Publié le 12/09/2021

Éric-André MARTIN, cité par Pierre-Yves Bocquet dans la revue Epsiloon

Des milliardaires qui font du tourisme, des astronautes qui s'amusent dans les stations orbitales, des annonces spectaculaires de projets de base lunaire, et même martienne... Ces événements très médiatisés ne doivent pas cacher le vrai enjeu. Une nouvelle ère de la conquête spatiale est ouverte : celle des mégaconstellations de satellites qui colonisent ni vu ni connu l'orbite basse depuis deux ans. Une ruée féroce que ne régit aucune loi... Et cette nouvelle ère spatiale, cette fois, va vraiment changer le monde.

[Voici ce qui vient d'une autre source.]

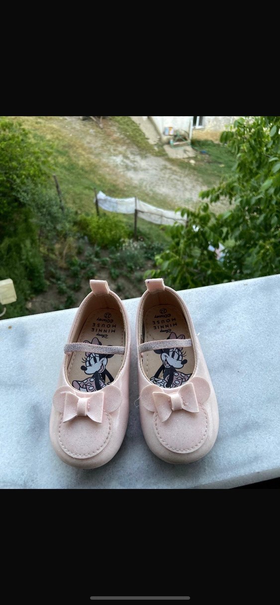Kız çocuklar için fiyonklu, baskılı iç tabanlı, dayanıklı kauçuk malzemeden yapılmış pastel pembe babet ayakkabı.

Ces derniers mois, l'espace a attiré tous les regards. Nous avons d'abord assisté à un duel entre milliardaires, chacun revendiquant le lancement de la nouvelle ère du tourisme spatial. Nous avons suivi la chronique en apesanteur d'un Thomas Pesquet en orbite. Observé le déploiement de la station spatiale chinoise. Rêvé du retour de l'humain sur la Lune, de l'exploration de Mars ... Un bouillonnement médiatique qui, pourtant, ne dit rien de la vraie révolution spatiale. Une conquête silencieuse, opaque, passée sous les radars, mais autrement plus féroce, se déroule en ce moment même, juste-là, au-dessus de nos têtes.

A la manoeuvre, les golden-boys de l'espace, Elon Musk et Jeff Bezos, mais également une myriade d'entreprises moins célèbre. Leurs armées : des « mégaconstellations », cohortes innombrables de satellites lâchés autour de la Terre, en train d'annexer, ni vu ni connu, des orbites entières.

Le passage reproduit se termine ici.